1. Species:[(COG-A,COG-B),(COG-B,COG-C),...] --> sp_cogPair.dict.pkl
2. Genus: [(COG-A,COG-B),(COG-B,COG-C),....] --> genus_cogPair.dict.pkl
3. Species: [COG-A,COG-B,...] --> sp_cogList.dict.pkl
4. Genus : [COG-A,COG-B,...] --> genus_cogList.dict.pkl
5. At Species: COGPair : [COG-A,COG-B,COUNT,dFGOC,FGOC,COUNT(COG-A),COUNT(COG-B)] --> cogPair_fgocInfo.spp.dict.pkl
6. At Genus: COGPair : [COG-A,COG-B,COUNT,dFGOC,FGOC,COUNT(COG-A),COUNT(COG-B)] --> cogPair_fgocInfo.genus.dict.pkl
7. COG : [sp1,sp2,...] --> cog_spList.dict.pkl
8. COG : [genus1,genus2,...] --> cog_genusList.dict.pkl

In [5]:
from __future__ import division
import pickle
import os
import time
import collections

def loadPkl(fname):
    pklDir = '/home/jaggu/research/projectFiles/operons/pklFiles'
    f = os.path.join(pklDir,fname)
    db = pickle.load(open(f))
    return db

def savePkl(db,pklFname):
    pklDir = '/home/jaggu/research/projectFiles/operons/pklFiles'    
    f = os.path.join(pklDir,pklFname)
    pickle.dump(db,open(f,'w'))
    return

In [6]:
org_cogPair = loadPkl('org_cogPair.dict.pkl')
org_eggNOGPair = loadPkl('org_eggNOGPair.dict.pkl')

cogPair_sp_fgocInfo = loadPkl('cogPair_fgocInfo.spp.dict.pkl')
cogPair_genus_fgocInfo = loadPkl('cogPair_fgocInfo.genus.dict.pkl')

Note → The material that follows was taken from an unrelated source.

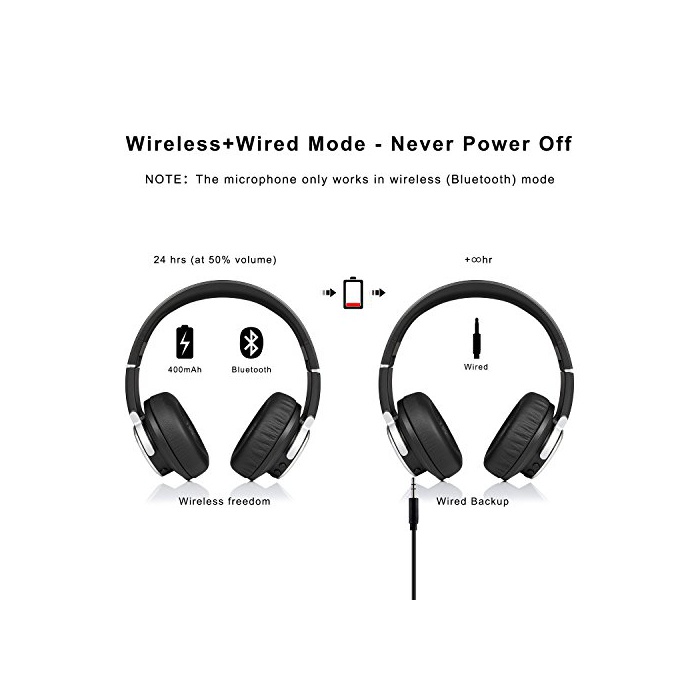 【wireless와 유선 양용 가능 】Bluetooth기능에 의해wireless 방식을 채용에 의해음성 신호 전송을 합니다.Bluetooth를 사용할 수 없는 환경이나 전연못이 소모한 경우,3.5mm오디오 끼워넣어 구와 AUX오디오 케이블이 붙고 있고, 유선 헤드폰으로서도 사용으로 옵니다.내장400mAh충전식 배터리는,최대24시간의 플레이 타임과 무선 음악의 400시간의 스텐바이를 제공합니다.

eNogPair_sp_fgocInfo = loadPkl('eNOGPair_fgocInfo.spp.dict.pkl')
eNogPair_genus_fgocInfo = loadPkl('eNOGPair_fgocInfo.genus.dict.pkl')

print "Loaded dictionaries",time.ctime()


Loaded dictionaries Tue Dec 22 10:39:42 2015

In [21]:
# A general way of collapsing to species and genus leves; What you require is org:[(OG1,OG2),(OG2,OG3),...]
# Can currently handle the COG and eggNOG
# Making species and genus level dictionary: i.e sp_cogPair; genus_cogPair
# sp:[(COG1,COG2),(COG2,COG3),..]
# genus:[(COG1,COG2),(COG2,COG3),..]
# The basic idea is to collapse the cogpairs to be the union of all the cogpairs found in the encompassing orgs (strains)

class CollapsedRank:
    def __init__(self):
        self.sp_allOGPairs = collections.defaultdict(list)
        self.genus_allOGPairs = collections.defaultdict(list)
        self.sp_ogPair = dict()
        self.sp_ogList = dict()
        self.genus_ogPair = dict()
        self.genus_ogList = dict()

    def unionOgPair(self,ogPair_list):
        ogPair_set = [set(i) for i in ogPair_list]
        ogPair_union = list(set.union(*ogPair_set))
        return ogPair_union

    def getOgList(self,ogPair_list):
        ogList = list()
        for pair in ogPair_list: 
            ogList.extend(pair)
        return list(set(ogList))

    def collapseSpeciesGenus(self,org_ogPair):
        for (orgName,accNbr),ogPair_list in org_ogPair.items():
            sp = orgName.split('_')[0]+'_'+orgName.split('_')[1]
            genus = orgName.split('_')[0]
            self.sp_allOGPairs[sp].append(ogPair_list)
            self.genus_allOGPairs[genus].append(ogPair_list)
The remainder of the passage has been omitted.